KL: The honest truth is that alcohol and I have self-medicated many a night in order to fall asleep. This is not a good sleep, but it is the ability to get to sleep that one desires more than any other thing. Once in the habit it is very hard to break (thankfully I have recognized this as a direction I did not want to go and have stopped drinking as a habit). It affects performance at work and weight and psychological issues so this is not something I would recommend to anyone. I have also tried prescription medications. This is not a good alternative for me either as I still wake up, unknowingly, and re-medicate. I remember one night in particular, in which I woke up the next day to find that out of 30 prescription pills, some time during the night I had ingested 20 (and lived). This was my wake-up call and I stopped all medication thereafter. Now I read as long as I can before trying to sleep. It gets me to sleep but not for very long. I awaken again, usually in a sweat, and either get up for the day or lie in bed all night until a reasonable hour and then get up. I have tried many nights to stay awake for several days and then “reset” my body clock only to find I experience the same outcome as if I had gone to bed every night. It truly makes me wonder why I can function on such little sleep.
MC: Is there anything that happens in your current work life that triggers a worsening of your sleep, other than jet lag from travel?
KL: As a Soldier I always have different report times as the events I manage don’t stop to allow me to get some rest. At the risk of sounding cavalier, they are life-and-death situations and as a result I never really know when I will be able to shut work out completely and rest. This is true for all Soldiers, not just me. In what other career can something happening 10,000 miles away affect your daily life?
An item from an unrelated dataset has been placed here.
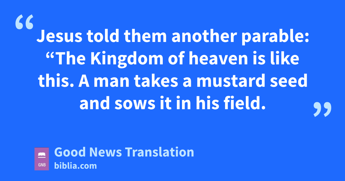 31 Jesus told them another parable: “The Kingdom of heaven is like this. A man takes a mustard seed and sows it in his field. 32It is the smallest of all seeds, but when it grows up, it is the biggest of all plants. It becomes a tree, so that birds come and make their nests in its branches.”
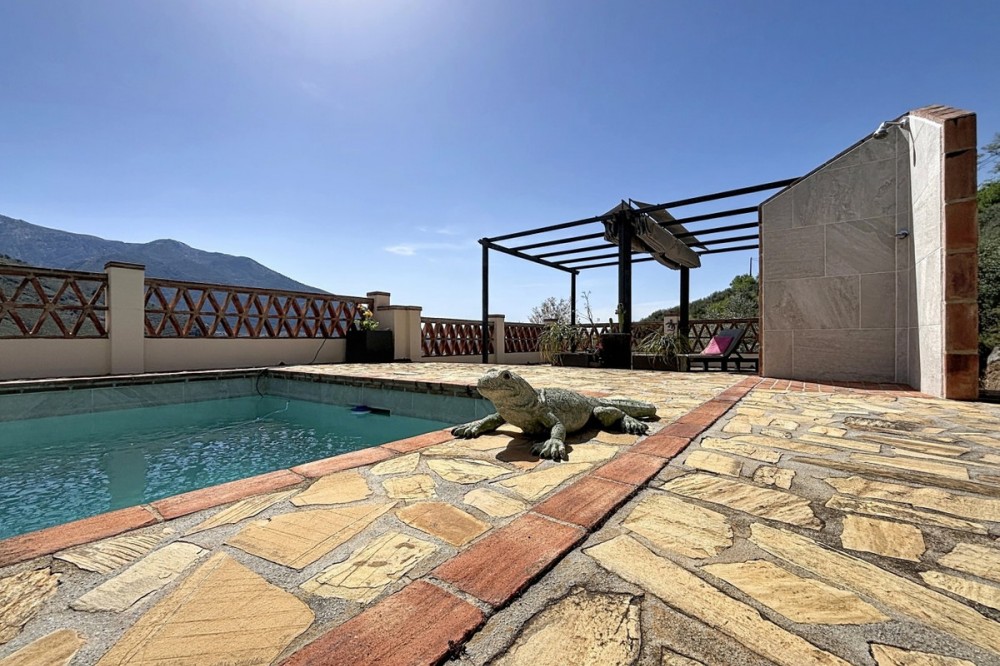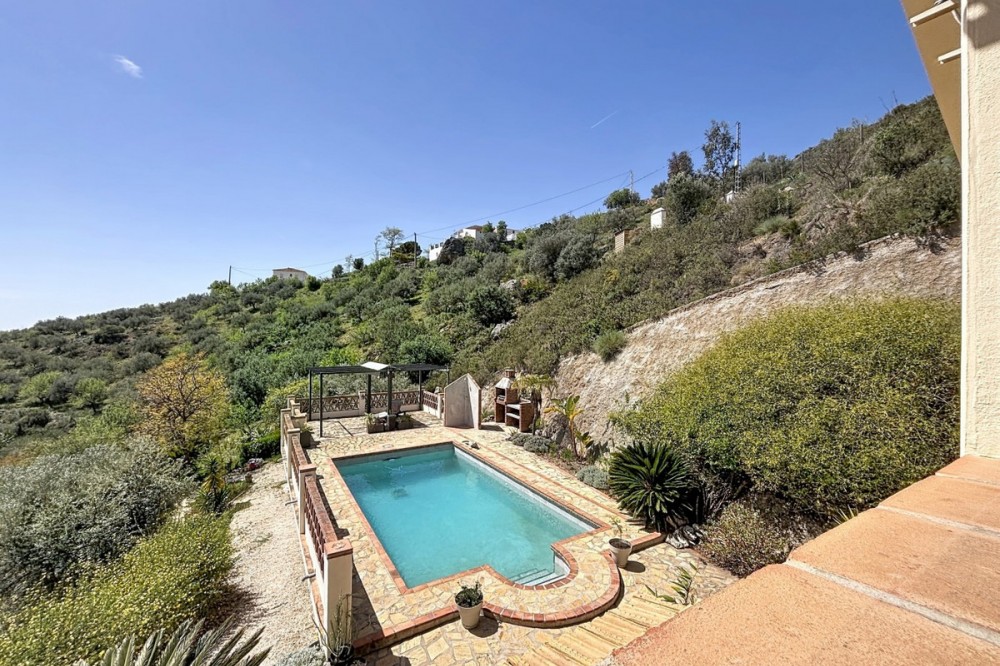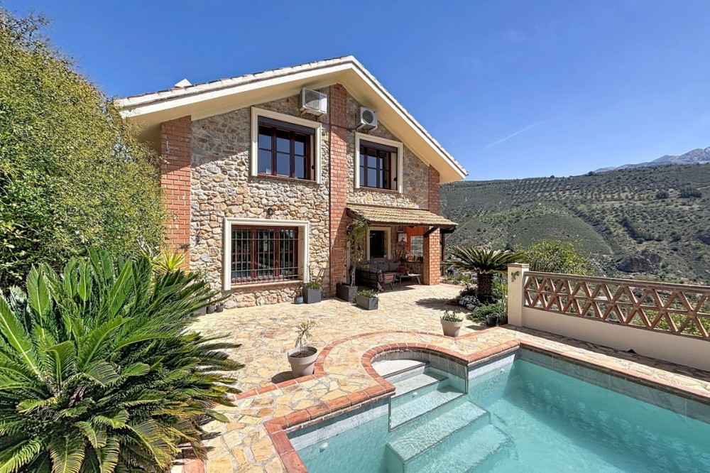 - Magnificent villa for sale in Alcaucín, ideal for those looking for space, comfort and to enjoy the natural environment. In the main house, on the first floor, we find a spacious and bright living-dining room with an open kitchen, creating a modern and functional space, as well as a bedroom and a full bathroom. On the second floor, the house has 3 bedrooms, one of them with an en-suite bathroom, as well as another bathroom, offering comfort and privacy for the whole family. Outside, the property has two covered terraces, perfect for enjoying all year round, as well as a private pool, outdoor shower and barbecue area, ideal for leisure and rest. It also has a separate room, currently used as a storage room, but with the possibility of adapting it as a guest apartment, providing great added value to the property. The house enjoys stunning mountain views and slight sea views, creating a unique and privileged environment. A villa with a lot of potential, in a quiet environment, perfect both as a permanent home and to enjoy getaways. We are delighted to be able to present this property to you soon, either personally or via virtual viewing. Because this world is unique - like our Axarquía. In Andalusia. On the Costa del Sol. Here, on the sunny side of life...

Sometimes it’s just the Army philosophy of early to rise. My days have started as early as 0345 to 0900 and there usually isn’t a cut-and-dry schedule as to when that will be.
MC: Ken, tell me about how your colleagues handle their own problems with sleep.
KL: Honestly, alcohol is pretty prevalent. Some medicate with sleep aids; some try relaxation techniques. Most Soldiers diagnosed with any form of PTSD is prescribed some form of selective serotonin reuptake inhibitors (SSRIs). This helps many deal with what I would refer to as “sleep anxiety.” I can only speak for myself when I say going to bed is one of the hardest events of my day. I know I’m not going to sleep, or the sleep will be lousy, but I also know if I don’t try I’ll be worthless the next day.
My deepest thanks go to Captain LeBlanc for bringing attention to this important problem, and for his honorable and courageous work in securing and protecting our country.